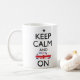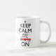 Behalten Sie Ruhe und Mini auf der Tasse, die durch das berühmte Ruhe, zu behalten inspiriert wird und Plakate weiterzumachen
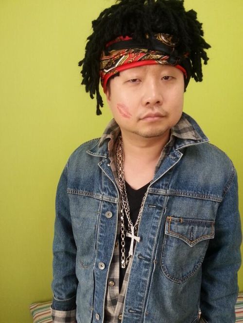 사진 속 박휘순은 비가 무대에서 시도한 히피 패션을 완벽하게 따라했다. 그는 머리를 화려한 끈으로 묶고 여자 입술 자국까지 볼에 찍었다.
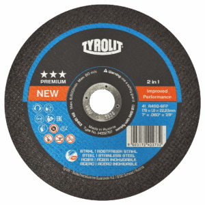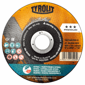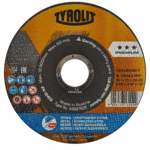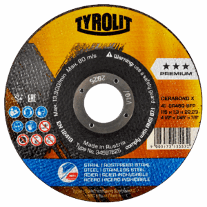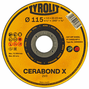4257 4 1/2 x 1/16 x 7/8 Disco de corte Tyrolit Cerabond X de 115 x 1.6 x 22.23 mm, 2 en 1.

_Exercise_
Repeat, exactly and in full, all the material above except its pictures.

_Written solution_
 Behalten Sie Ruhe und Mini auf der Tasse, die durch das berühmte Ruhe, zu behalten inspiriert wird und Plakate weiterzumachen
 사진 속 박휘순은 비가 무대에서 시도한 히피 패션을 완벽하게 따라했다. 그는 머리를 화려한 끈으로 묶고 여자 입술 자국까지 볼에 찍었다.
4257 4 1/2 x 1/16 x 7/8 Disco de corte Tyrolit Cerabond X de 115 x 1.6 x 22.23 mm, 2 en 1.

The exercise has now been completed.